Task input:
■ ■ ■

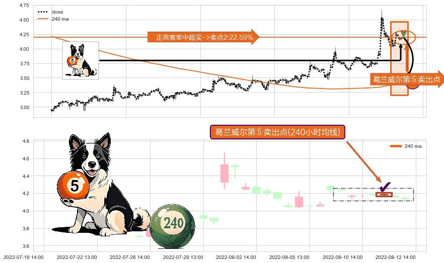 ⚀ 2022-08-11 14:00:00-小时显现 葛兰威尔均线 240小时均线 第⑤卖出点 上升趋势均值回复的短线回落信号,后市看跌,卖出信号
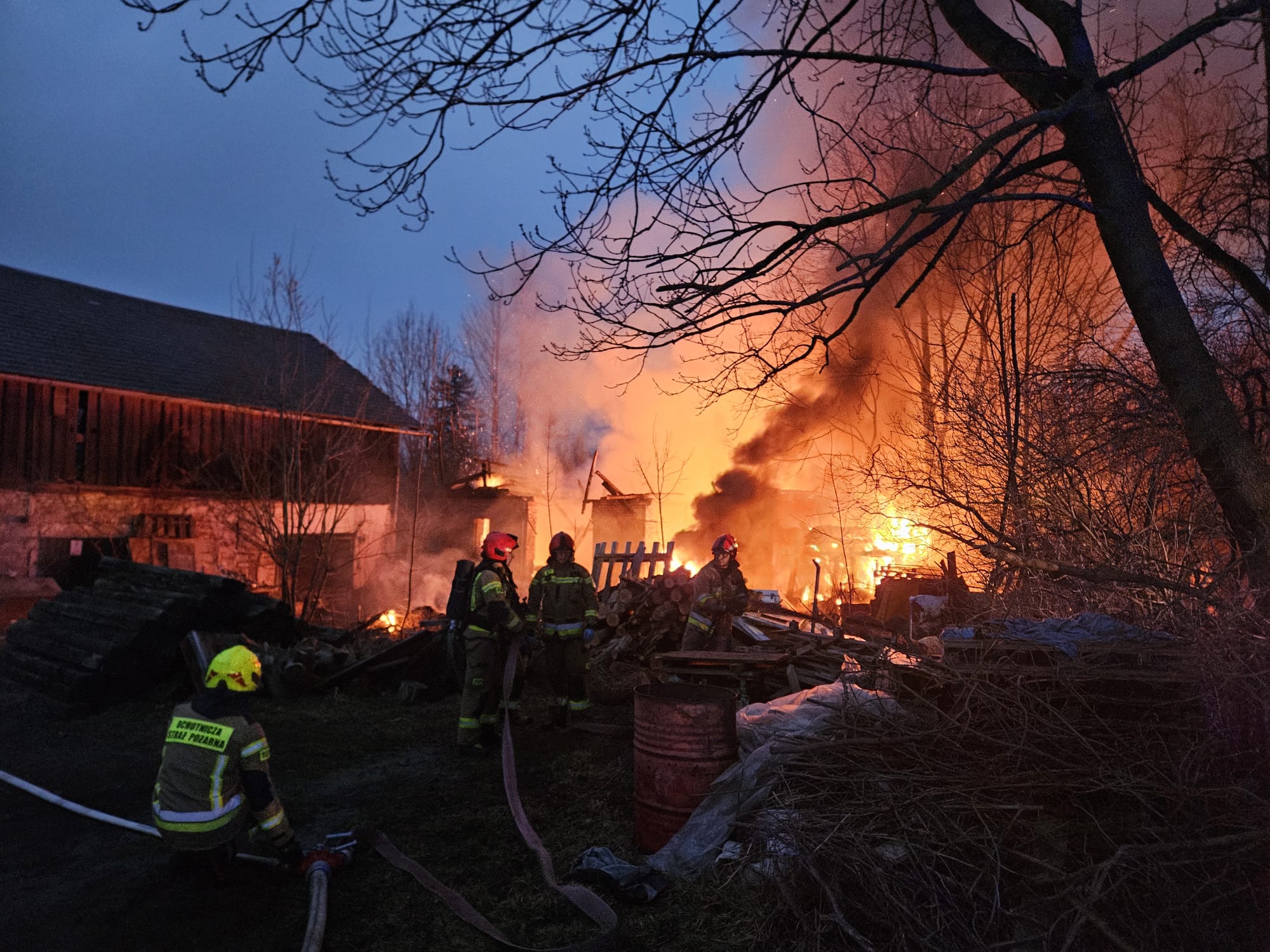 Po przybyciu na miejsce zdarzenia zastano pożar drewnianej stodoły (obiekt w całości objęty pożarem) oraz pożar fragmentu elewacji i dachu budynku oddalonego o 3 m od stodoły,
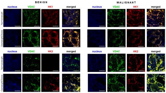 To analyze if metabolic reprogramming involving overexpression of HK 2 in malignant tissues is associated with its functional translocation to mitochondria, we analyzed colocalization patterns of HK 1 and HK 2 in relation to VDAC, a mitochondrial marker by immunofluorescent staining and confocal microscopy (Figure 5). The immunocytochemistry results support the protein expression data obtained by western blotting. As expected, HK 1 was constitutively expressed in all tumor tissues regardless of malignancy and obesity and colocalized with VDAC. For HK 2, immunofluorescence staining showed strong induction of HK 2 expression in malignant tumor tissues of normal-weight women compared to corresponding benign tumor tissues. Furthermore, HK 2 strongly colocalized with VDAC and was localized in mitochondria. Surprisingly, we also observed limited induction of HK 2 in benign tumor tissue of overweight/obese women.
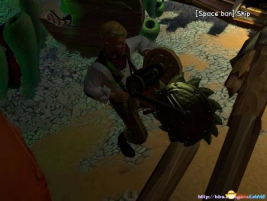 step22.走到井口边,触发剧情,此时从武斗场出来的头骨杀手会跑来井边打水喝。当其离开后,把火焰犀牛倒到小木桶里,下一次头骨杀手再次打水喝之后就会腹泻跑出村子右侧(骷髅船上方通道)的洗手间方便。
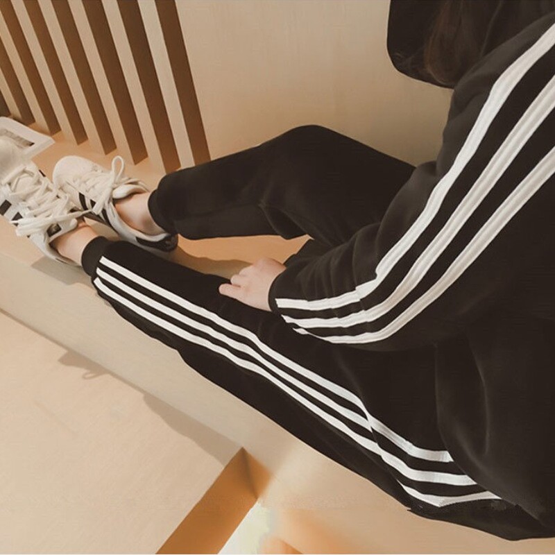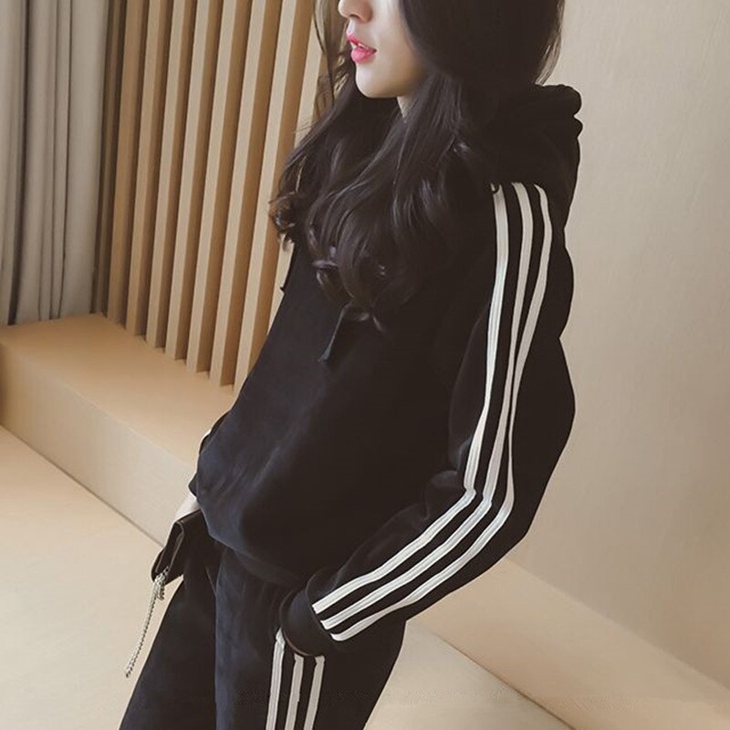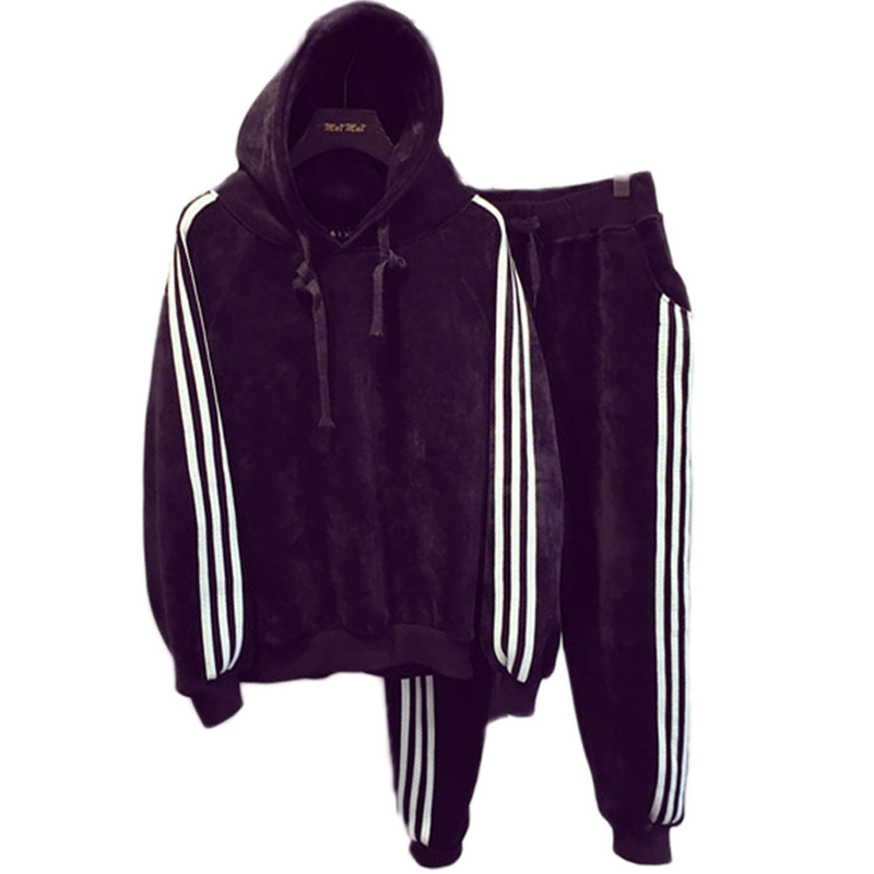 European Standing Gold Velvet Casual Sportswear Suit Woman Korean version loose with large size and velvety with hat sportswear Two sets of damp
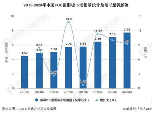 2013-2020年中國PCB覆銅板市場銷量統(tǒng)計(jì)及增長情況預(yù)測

■ ■ ■

Task to complete: Print all the entries again exactly as written, but without the pictures.

Solution:
 ⚀ 2022-08-11 14:00:00-小时显现 葛兰威尔均线 240小时均线 第⑤卖出点 上升趋势均值回复的短线回落信号,后市看跌,卖出信号
 Po przybyciu na miejsce zdarzenia zastano pożar drewnianej stodoły (obiekt w całości objęty pożarem) oraz pożar fragmentu elewacji i dachu budynku oddalonego o 3 m od stodoły,
 To analyze if metabolic reprogramming involving overexpression of HK 2 in malignant tissues is associated with its functional translocation to mitochondria, we analyzed colocalization patterns of HK 1 and HK 2 in relation to VDAC, a mitochondrial marker by immunofluorescent staining and confocal microscopy (Figure 5). The immunocytochemistry results support the protein expression data obtained by western blotting. As expected, HK 1 was constitutively expressed in all tumor tissues regardless of malignancy and obesity and colocalized with VDAC. For HK 2, immunofluorescence staining showed strong induction of HK 2 expression in malignant tumor tissues of normal-weight women compared to corresponding benign tumor tissues. Furthermore, HK 2 strongly colocalized with VDAC and was localized in mitochondria. Surprisingly, we also observed limited induction of HK 2 in benign tumor tissue of overweight/obese women.
 step22.走到井口边,触发剧情,此时从武斗场出来的头骨杀手会跑来井边打水喝。当其离开后,把火焰犀牛倒到小木桶里,下一次头骨杀手再次打水喝之后就会腹泻跑出村子右侧(骷髅船上方通道)的洗手间方便。
 European Standing Gold Velvet Casual Sportswear Suit Woman Korean version loose with large size and velvety with hat sportswear Two sets of damp
 2013-2020年中國PCB覆銅板市場銷量統(tǒng)計(jì)及增長情況預(yù)測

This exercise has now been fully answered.